Goal: study the relationship between consumer choice yi and (z1 , z2 , ..., zJ )
• zj : product j’s characteristics (i.e. price, quality)

16 / 21
Latent Utility Model

Define yi as a function of uij the utility consumer i gets from buying product j

1
 if ui1 ≥ uij for all j

2 if ui2 ≥ uij for all j

yi = ..


 .

J if uiJ ≥ uij for all j


Use linear regression model to link uij to zj

uij = zj′ β + εij

17 / 21
Conditional Logit

Assumptions needed
• As always we need EXO and RANK
• Fix distribution of ε: εij ∼ Gumbel(0, 1)

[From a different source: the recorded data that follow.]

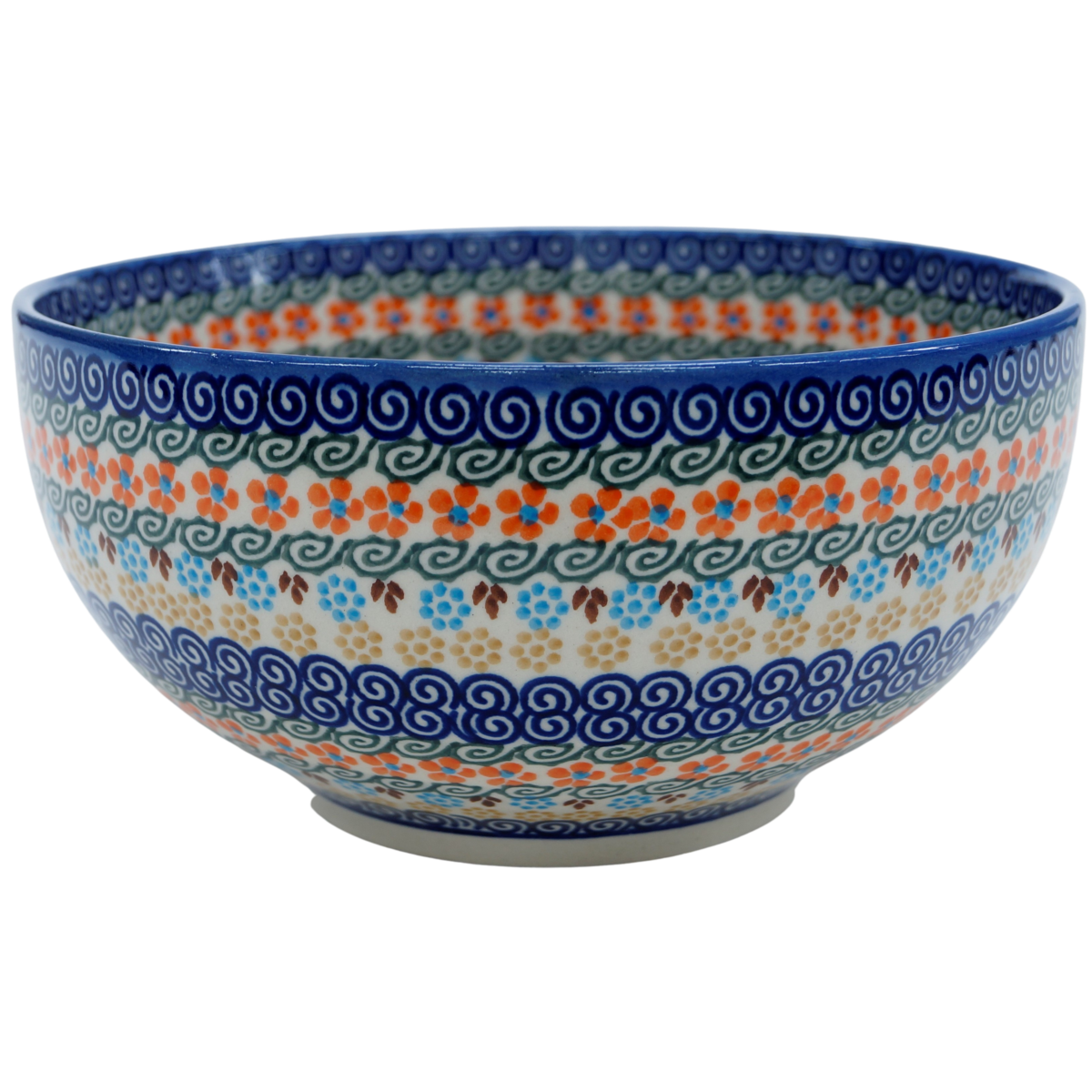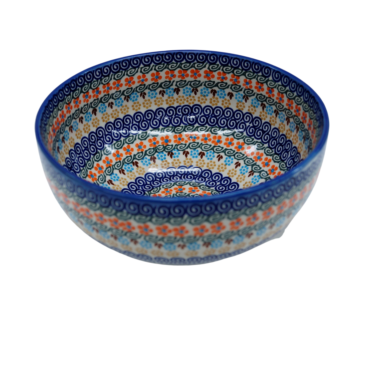 Oryginalny produkt ceramiki bolesławieckiej - ręcznie zdobiona miska ceramiczna 20 cm o średnicy zewnętrznej aż 21,5 cm, idealna do podawania i przechowywania potraw. Niech wszystkie potrawy i posiłki będą podane pięknie i smakują wykwitnie dzięki artystycznym naczyniom ceramiki Bolesławieckiej z rodzinnej manufaktury, CERAMIKA ANDY.
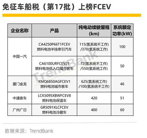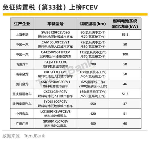 其中,陕西秦星汽车有限责任公司、重庆恒通客车有限公司是首次上榜燃料电池汽车产品。
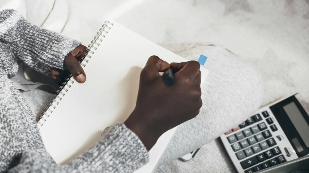 Image of a calculator on a desk with symbols representing taxes, healthcare, and pension — including a miniature house, a stethoscope, and a small Kenyan flag. Clean, modern office background, natural lighting."
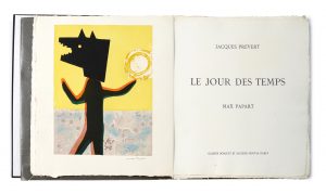 de Prévert. ILLUSTREE DE 11 GRAVURES ORIGINALES AU CARBORUNDUM SIGNEES DE MAX PAPART, DONT 10 HORS TEXTE, CERTAINES AVEC COLLAGES ET GAUFRAGES. LA COUVERTURE EST ILLUSTREE D’UNE COMPOSITION EN DEUX TONS AVEC GAUFRAGE. Tirage limité à 145 exemplaires numérotés, tous sur papier à la cuve du Moulin de Larroque et signés par l’auteur et l’artiste, celui-ci un des 100 exemplaires (n° 93), accompagné d’une gravure non utilisée, signée, qui s’ajoute à la suite de 11 gravures. Bibliographie: Monod, 9291. Infimes rousseurs éparses, mouillure à l’étui.
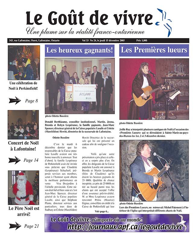 Le Goût de vivre (Vol.33 No.24) – 15 décembre 2005
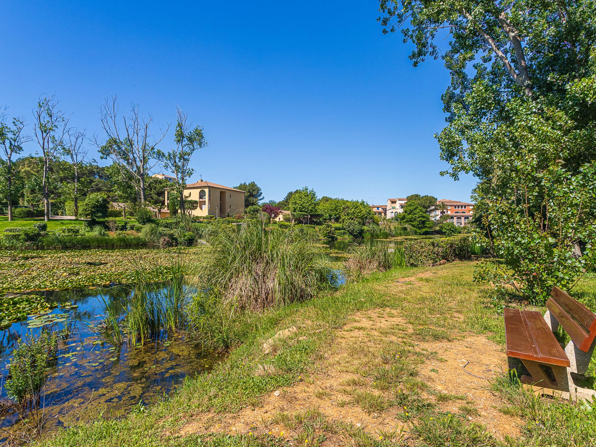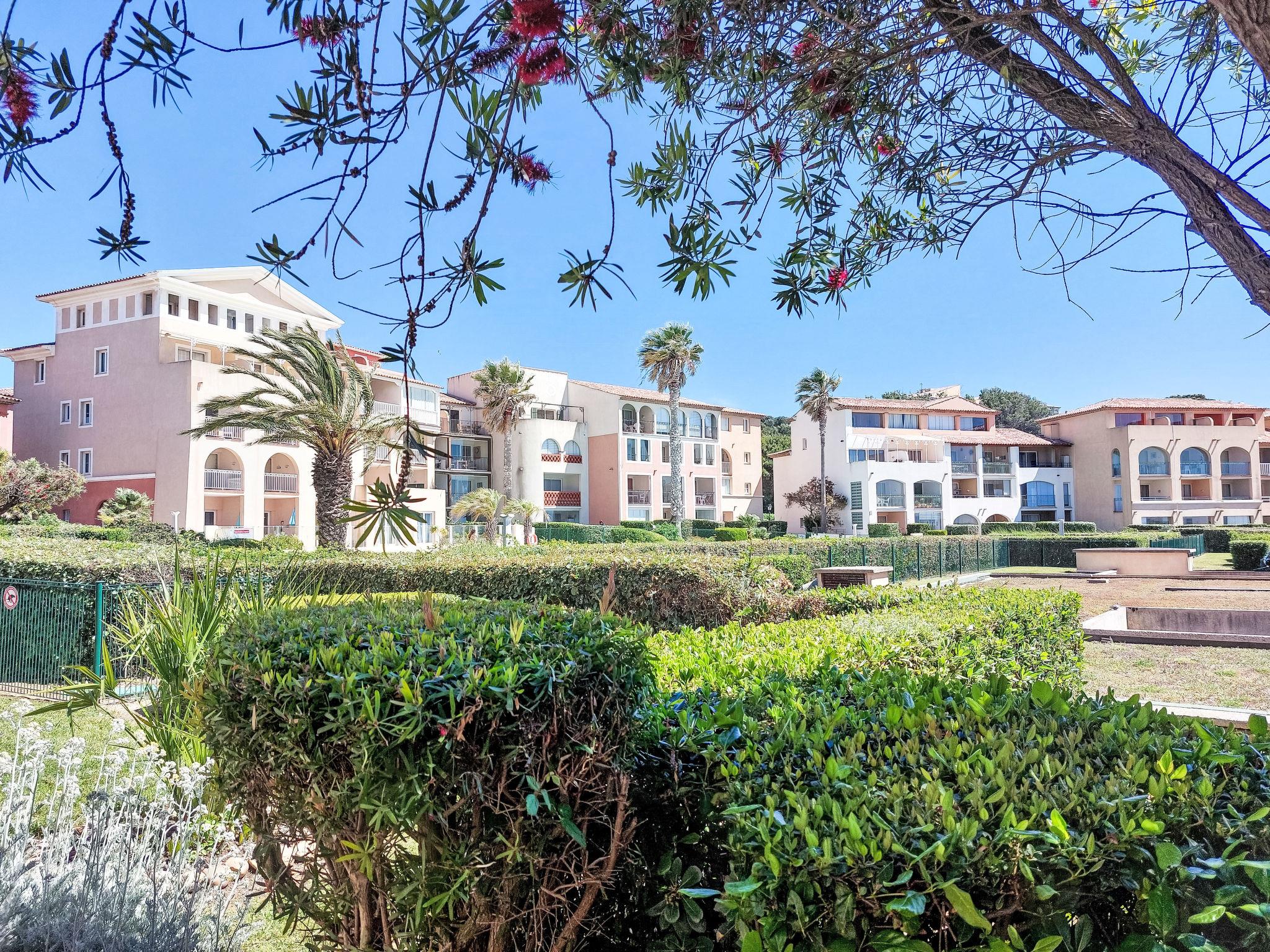 La Coudoulière: Residence "Les Rivages de Coudoulière", 3 storeys. 3 km from the centre of Six Fours, in a quiet position, 50 m from the sea, 100 m from the beach, in the countryside. For shared use: swimming pool (25 x 15 m, 340 m2, depth 60 - 160 cm, seasonal availability: 15.May. - 15.Oct. pool opening hours: 10:00-19:00) with internal staircase. Unconventional pool shape. Children's pool. In the complex: lift. Shop, restaurant, café 50 m, bus stop 200 m, sandy beach "La coudoulière" 100 m, park "Domaine de la Coudoulière" 50 m, lake Domaine de la Coudoulière 50 m. Sports harbour 50 m, golf course (18 hole) 13 km. Hiking paths: Sainte Baume, Sainte Victoire, Calanques Port-Cros, Porquerolles, Ile verte, Embiez, Figuerolles, Cassis. Please note: the keys‘ handover takes place by the agency Interhome in SIX FOURS LES PLAGES, 2 km. Additional accommodations can be booked.

This is called the conditional logit model

exp{zj′ β}
P(yi = j|z1 , ..., zJ ) = PJ
′
k=1 exp{zk β}

18 / 21
Estimation of Conditional Logit Model

Use Maximum Likelihood to estimate β

• β̂ ML is unbiased, consistent and efficient under EXO and RANK

Likelihood of individual i
J
!1{yi =j}
Y exp{zj′ β}
l(β; yi , z1 , ..., zJ ) = PJ
j=1 k=1 exp{zk′ β}

19 / 21
Summary

This chapter: what happens when yi is not continuous?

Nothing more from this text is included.